Also, the increased expression of perostin correlates in human cancer with tumor angiogenesis and metastasis (1:31,32, 33)(4,48,49,50). Administration by the authors (1) of periostin-to-experiment 293T cells resulted in the fact that periostin promote TEM. When this experiment was an increase of Vimentin, becoming a fibroblast-like phenotype, which includes the production dissemination and increase of Matrix-metalloproteinase (MMP). It further appears the migration and metastatic potential.

In order to obtain the aggressive response after administration of periostin is also required the interaction with ALFAvBETA5 integrins and the activation of EGFR basal level and tyrosine-kinase receptors (1:45). Clinically, the Periostin high concentration correlates with a poor prognosis and short survival. Periostin may be a marker for the metastases presence. The high production of periostin may induce the malignant transformation of mesenchymal phenotype.

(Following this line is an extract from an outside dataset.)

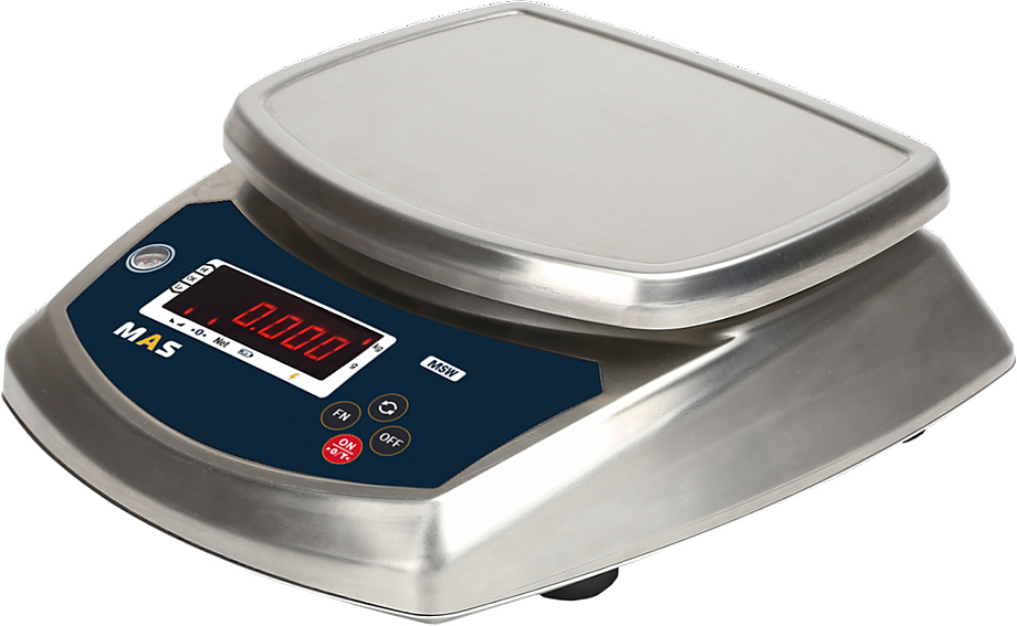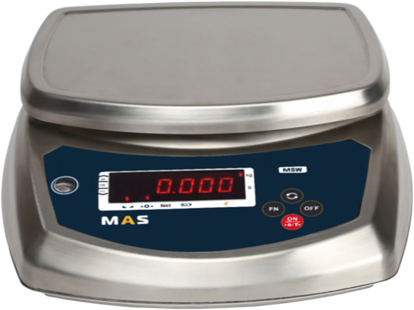 Порционные весы MAS MSW-6 используются на предприятиях общественного питания, торговли, пищевых производствах, складских помещениях и прочих сферах для точного взвешивания различных товаров и продуктов питания. Модель оснащена мембранной влагостойкой клавиатурой и ярким LED-дисплеем с размером символов 15 мм. Материал платформы - нержавеющая сталь AISI 304.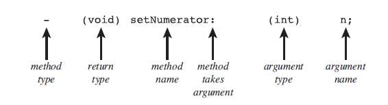 -(void) setNumerator:(int)n; 当见方法中使用":",表明这个方法是带有参数的。(int)参数类型是整形,参数名称为n。

Periostin- In summary, targets: co-activation of ALFAvBETA 5 integrins signaling, EGFR activation, increased expression of Vimentin, Fibronectin, MMP all contributing to EMT developments and metastasis.

Basically in patients with high expression of EGFR and Periostin, may be administered tyrosine-kinase inhibitors to control metastasis. (1:33,49,50)

PODOPLANIN
Podoplanin is a mucin-like transmembrane glycoprotein, of small dimension. It is normally expressed in the lung, heart, kidney (renal breitender podocytes 1999, martin villa2005) on alveolar cell surface type 1 in rats (Rishi1991). It is expressed in lymphoid and lympho-angiogenesis (breitender1999) and mesothelial cells (ordonnez2006).

The physiological function is not well known. From the experimental data appears to have a role in development and tissue repair and carcinogenesis.

Podoplanin is involved in cell migration and invasion both in vitro and in vivo (7).

Until recently tumors have been considered anaplastic cell masses, without tissue-type organization. But now it has been noticed a difference between cells molecular expression from the invasive front of the tumor, which is different from inside the tumor.

Malignant tumors have the principal sign of malignant cell invasion in peritumoral tissue and normal tissue architecture destruction. Morphologically we distinguish two aspects of unicellular invasion and collective invasion (7).

In the invasive frontal area, in molecular terms it is observed:

Nuclear localization of beta-catenin, beta 1 integrin overregulation, the presence of LI1 cell adhesion molecule (wikipedia)( brablet2001,hegerfeld 2002,gavert2005)

In human locations of the squamous carcinoma (including the pulmonary form) Podoplanin is expressed on a cell layer at the edge of invasive tumor (Wicki 2006).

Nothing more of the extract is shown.